2. The memory controller of claim 1 , wherein the irregular code is an irregular low-density parity-check (LDPC) code.
3. The memory controller of claim 1 , wherein results of the BF decoding and the MS decoding are exchanged during decoding.
4. The memory controller of claim 1 , wherein the decoder executes BF decoding to update decisions of the variable nodes in the first set.
5. The memory controller of claim 1 , wherein the decoder executes MS decoding to update decisions of the variable nodes in the second set.

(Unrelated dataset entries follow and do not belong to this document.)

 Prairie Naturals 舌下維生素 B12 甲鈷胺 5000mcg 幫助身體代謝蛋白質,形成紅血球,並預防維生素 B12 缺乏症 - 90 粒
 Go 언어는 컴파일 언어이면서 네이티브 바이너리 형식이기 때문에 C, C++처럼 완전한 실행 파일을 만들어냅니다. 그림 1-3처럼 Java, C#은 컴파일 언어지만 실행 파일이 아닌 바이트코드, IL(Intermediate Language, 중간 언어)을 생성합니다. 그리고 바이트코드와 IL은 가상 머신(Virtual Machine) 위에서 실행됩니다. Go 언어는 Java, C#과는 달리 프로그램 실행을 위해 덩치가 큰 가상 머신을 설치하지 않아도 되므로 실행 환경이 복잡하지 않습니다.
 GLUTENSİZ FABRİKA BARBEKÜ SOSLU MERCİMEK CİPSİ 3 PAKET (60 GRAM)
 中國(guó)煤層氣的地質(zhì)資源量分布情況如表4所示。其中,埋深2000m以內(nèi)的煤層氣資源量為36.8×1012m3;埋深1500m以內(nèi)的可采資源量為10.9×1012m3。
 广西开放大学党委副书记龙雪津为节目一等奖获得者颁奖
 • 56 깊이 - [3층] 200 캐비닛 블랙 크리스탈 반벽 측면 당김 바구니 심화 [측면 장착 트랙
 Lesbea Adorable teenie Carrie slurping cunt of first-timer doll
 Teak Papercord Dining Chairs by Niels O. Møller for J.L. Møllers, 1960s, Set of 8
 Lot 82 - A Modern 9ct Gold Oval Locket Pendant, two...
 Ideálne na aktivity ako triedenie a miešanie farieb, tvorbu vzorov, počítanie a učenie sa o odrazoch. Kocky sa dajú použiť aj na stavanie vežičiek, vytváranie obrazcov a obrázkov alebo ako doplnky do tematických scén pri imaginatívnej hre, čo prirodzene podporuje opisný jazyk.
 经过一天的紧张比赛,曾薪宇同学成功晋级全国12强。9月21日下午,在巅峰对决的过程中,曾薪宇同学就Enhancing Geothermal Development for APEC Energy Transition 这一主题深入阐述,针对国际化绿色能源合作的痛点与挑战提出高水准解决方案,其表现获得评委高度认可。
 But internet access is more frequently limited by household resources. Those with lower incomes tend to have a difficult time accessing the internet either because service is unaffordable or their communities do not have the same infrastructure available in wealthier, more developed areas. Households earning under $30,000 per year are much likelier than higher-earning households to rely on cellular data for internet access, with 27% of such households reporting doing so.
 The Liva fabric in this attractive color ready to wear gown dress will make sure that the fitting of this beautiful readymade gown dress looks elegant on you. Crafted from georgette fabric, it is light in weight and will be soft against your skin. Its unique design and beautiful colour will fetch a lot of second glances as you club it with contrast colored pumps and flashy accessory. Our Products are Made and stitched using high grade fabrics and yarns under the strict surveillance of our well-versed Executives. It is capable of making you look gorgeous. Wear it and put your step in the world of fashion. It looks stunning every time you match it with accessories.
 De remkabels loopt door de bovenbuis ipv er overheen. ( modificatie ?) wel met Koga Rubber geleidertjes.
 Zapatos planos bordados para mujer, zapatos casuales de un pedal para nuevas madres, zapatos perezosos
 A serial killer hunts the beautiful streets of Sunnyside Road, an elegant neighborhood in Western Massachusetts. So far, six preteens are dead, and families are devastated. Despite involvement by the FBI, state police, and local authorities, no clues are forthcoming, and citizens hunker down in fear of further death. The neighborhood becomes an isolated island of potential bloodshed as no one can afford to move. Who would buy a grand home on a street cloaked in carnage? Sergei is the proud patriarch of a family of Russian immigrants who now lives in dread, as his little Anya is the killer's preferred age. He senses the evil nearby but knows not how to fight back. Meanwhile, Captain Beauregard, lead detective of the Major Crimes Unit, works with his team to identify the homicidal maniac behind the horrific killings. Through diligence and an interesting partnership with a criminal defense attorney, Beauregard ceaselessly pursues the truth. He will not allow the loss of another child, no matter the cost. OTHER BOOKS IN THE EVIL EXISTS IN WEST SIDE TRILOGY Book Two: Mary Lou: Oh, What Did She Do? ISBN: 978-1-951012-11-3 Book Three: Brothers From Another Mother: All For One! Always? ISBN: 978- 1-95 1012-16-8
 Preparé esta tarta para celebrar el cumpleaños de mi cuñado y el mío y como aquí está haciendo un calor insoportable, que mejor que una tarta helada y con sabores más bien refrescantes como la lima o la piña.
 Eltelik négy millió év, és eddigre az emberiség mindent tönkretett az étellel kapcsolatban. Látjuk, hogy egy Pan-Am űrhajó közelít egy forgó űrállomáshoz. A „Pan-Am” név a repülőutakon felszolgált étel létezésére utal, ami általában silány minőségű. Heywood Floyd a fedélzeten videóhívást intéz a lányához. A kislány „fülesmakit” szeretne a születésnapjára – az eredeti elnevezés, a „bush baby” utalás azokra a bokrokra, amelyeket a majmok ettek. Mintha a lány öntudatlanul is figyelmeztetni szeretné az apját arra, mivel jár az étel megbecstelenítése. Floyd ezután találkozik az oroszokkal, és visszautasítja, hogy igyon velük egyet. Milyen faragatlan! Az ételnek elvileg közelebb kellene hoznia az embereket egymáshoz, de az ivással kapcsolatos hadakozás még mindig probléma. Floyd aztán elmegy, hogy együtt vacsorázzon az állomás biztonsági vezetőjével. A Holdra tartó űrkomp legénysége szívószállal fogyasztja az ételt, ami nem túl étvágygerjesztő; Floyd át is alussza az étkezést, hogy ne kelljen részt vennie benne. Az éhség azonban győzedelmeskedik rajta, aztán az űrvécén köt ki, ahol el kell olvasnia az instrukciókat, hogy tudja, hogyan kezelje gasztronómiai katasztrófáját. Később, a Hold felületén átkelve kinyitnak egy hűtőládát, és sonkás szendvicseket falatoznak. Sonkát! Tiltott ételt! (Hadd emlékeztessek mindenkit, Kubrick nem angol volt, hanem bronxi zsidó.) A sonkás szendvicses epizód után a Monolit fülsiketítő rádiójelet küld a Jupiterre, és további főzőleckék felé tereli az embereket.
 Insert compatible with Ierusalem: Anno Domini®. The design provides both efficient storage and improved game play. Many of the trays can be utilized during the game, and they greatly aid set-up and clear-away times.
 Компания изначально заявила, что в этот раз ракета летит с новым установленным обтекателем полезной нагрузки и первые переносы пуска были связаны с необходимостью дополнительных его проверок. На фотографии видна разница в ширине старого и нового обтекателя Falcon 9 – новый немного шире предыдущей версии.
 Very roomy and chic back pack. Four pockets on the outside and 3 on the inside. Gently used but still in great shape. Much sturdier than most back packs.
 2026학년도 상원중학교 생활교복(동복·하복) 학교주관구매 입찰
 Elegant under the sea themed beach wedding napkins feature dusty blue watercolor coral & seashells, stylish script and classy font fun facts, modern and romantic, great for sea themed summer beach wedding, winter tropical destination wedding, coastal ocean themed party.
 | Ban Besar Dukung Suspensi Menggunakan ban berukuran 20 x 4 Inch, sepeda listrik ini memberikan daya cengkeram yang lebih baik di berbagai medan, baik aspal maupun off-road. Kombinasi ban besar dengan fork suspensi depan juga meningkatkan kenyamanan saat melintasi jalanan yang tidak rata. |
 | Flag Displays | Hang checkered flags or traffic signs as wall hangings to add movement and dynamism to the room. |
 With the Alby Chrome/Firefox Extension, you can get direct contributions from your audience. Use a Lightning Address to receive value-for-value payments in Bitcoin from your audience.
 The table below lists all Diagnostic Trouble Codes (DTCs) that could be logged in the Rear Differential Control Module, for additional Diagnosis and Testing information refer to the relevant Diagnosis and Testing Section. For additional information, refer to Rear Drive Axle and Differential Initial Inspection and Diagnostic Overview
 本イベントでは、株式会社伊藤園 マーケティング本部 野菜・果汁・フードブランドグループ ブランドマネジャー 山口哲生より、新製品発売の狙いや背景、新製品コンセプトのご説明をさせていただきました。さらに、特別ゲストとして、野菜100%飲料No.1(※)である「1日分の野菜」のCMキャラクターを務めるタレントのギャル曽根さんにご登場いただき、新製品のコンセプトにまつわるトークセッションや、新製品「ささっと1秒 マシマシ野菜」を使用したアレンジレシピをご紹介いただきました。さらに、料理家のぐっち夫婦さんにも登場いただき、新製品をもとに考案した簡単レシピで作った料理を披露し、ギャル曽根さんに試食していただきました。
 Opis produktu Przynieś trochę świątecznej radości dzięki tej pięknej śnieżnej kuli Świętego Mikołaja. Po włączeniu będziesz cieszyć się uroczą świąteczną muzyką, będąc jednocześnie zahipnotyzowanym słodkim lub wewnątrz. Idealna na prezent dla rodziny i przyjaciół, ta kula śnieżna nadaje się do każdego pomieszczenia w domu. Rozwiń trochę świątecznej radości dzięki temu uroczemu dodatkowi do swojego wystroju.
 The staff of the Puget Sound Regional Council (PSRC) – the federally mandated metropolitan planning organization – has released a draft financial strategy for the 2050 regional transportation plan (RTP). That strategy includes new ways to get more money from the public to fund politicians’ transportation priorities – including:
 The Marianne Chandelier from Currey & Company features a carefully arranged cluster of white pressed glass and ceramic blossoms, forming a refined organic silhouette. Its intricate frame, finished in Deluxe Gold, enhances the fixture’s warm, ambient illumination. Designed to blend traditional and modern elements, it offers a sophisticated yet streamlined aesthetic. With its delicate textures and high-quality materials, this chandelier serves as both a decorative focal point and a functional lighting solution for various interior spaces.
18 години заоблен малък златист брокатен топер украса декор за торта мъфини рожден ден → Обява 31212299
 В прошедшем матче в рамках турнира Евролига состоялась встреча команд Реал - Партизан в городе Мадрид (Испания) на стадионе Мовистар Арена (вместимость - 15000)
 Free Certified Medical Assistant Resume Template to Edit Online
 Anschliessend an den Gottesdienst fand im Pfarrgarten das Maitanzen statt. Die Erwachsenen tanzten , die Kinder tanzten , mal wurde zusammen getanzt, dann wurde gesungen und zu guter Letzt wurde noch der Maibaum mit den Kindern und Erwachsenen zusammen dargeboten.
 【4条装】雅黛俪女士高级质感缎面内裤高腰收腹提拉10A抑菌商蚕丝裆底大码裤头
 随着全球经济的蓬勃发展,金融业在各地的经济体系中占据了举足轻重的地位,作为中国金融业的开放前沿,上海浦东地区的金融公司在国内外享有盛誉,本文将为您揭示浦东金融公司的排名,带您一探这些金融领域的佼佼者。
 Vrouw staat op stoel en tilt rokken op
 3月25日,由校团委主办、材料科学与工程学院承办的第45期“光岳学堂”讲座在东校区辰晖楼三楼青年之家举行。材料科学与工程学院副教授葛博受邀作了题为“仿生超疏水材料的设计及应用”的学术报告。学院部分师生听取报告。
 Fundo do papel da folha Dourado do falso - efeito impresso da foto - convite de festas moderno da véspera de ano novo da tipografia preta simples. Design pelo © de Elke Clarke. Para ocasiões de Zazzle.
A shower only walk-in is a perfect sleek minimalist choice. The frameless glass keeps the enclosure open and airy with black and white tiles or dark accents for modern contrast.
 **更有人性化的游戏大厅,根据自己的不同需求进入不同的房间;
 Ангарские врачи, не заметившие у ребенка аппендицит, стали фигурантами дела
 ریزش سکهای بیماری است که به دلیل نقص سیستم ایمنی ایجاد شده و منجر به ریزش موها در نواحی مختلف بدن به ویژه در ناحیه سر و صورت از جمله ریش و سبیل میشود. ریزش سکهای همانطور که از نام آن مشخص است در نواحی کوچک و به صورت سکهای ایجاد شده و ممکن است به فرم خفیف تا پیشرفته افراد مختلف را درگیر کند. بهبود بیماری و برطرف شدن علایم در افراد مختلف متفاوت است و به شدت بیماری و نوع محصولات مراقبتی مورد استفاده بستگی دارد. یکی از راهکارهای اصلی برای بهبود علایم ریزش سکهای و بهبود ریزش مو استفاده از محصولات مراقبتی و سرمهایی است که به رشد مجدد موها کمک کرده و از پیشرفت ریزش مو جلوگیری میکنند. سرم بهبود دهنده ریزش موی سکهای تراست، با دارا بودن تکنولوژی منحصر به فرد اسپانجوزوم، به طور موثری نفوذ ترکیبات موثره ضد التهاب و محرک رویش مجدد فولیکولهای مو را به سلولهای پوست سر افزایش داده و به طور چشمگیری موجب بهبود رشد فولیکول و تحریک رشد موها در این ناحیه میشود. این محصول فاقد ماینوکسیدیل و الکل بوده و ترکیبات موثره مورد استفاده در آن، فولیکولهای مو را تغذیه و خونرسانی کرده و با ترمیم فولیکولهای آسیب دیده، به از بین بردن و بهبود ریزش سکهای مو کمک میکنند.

6. A decoder for decoding received codewords of an irregular code having non-uniform column-weight distribution and representable by at least variable nodes, the decoder comprising:
a bit-flipping (BF) decoding module configured to execute BF decoding with respect to a first set of the variable nodes, each variable node in the first set having a column weight that is greater than or equal to a column-weight threshold; and
a min-sum (MS) decoding module configured to execute MS decoding with respect to a second set of the variable nodes, each variable node in the second set having a column weight that is less than the column-weight threshold,
wherein the first and second sets of variable nodes are mutually exclusive sets respectively grouped into two sets before decoding begins such that the first set of variable nodes all have a high column weight that is greater than or equal to a column-weight threshold and the second set of variable nodes all have a low column weight that is less than the column-weight threshold, and
wherein, in each decoding iteration, the decoder selectively executes one of the BF decoding and the MS decoding based on determining whether a set of variable nodes associated with decoding belong to the first set of the variable nodes having the high column weight or the second set of the variable nodes having the low column weight.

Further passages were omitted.